We're often told that the USA is not a Christian nation. However, Abraham Lincoln, in his Gettysburg Address, justified the Civil War, and by implication his Emancipation Proclamation (freeing the slaves in the Confederate States), by appealing to the Declaration of Independence as our foundational document, even more foundational than the US Constitution. That Declaration serves as the very core piece of why we were justified in seceding from Great Britain and in forming a new nation, and why the Civil War was fought.
That Declaration states quite clearly that "all men are created equal", and "that they are endowed with certain unalienable rights", and that "governments are instituted among men" to secure these rights.
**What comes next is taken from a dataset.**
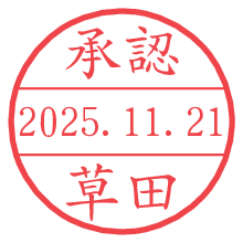 オプションの「電子透かし」をチェックし[生成]すると、見た目には分からないように、UNIXタイムスタンプを識別情報としてPNG形式の日付印に埋め込みます。 日付スタンプメーカーの使い方「部署」「名前」は最大8文字まで入力が可能です。「スタンプの色」を選択し、[生成]ボタン押下で印影画像が更新され、背景を透明に設定したPNG形式とPDF形式の印影画像がリンクからダウンロードできます。 オプションの「電子透かし」は、その性格上日付印ととても相性の良い付加サービスです。 別ページの「タイムスタンプと電子透かし」でも詳しく解説しますが、このオプションを追加することで、日付印が生成された日時に確かにその印が存在していることが証明されます。 ![]() 草田さんの電子印鑑が作れます。社内でのデータ書類閲覧確認用など、認印的な使い方のできる電子印鑑が作れます。 ![]() 古代文字で落款印が作れます。「落款スタンプメーカー」で作品を引き立たせる落款印が作れます。

That document further states that the signers are "appealing to the Supreme Judge of the world" for the rightness of their declaration, and did so "with a firm reliance on the protection of Divine Providence".
So when Lincoln delivered his Gettysburg Address, he referred back to this document as the justification for the US, and for the subsequent Civil War, so that we, "one nation, under God", might resolve to be dedicated to the unfinished work of the signers of the Declaration, and so that our nation "shall have a new birth of freedom -- and that government of the people, by the people, and for the people, shall not perish from the earth".
I say all this to say this: the US Constitution, while being our supreme law regulating our government, is not the supreme law (or even supreme document - the Declaration is) that regulates our nation. A US President who reminds the people of this is a president who could turn the country back to its Creator, and to our unalienable rights, and to freedom.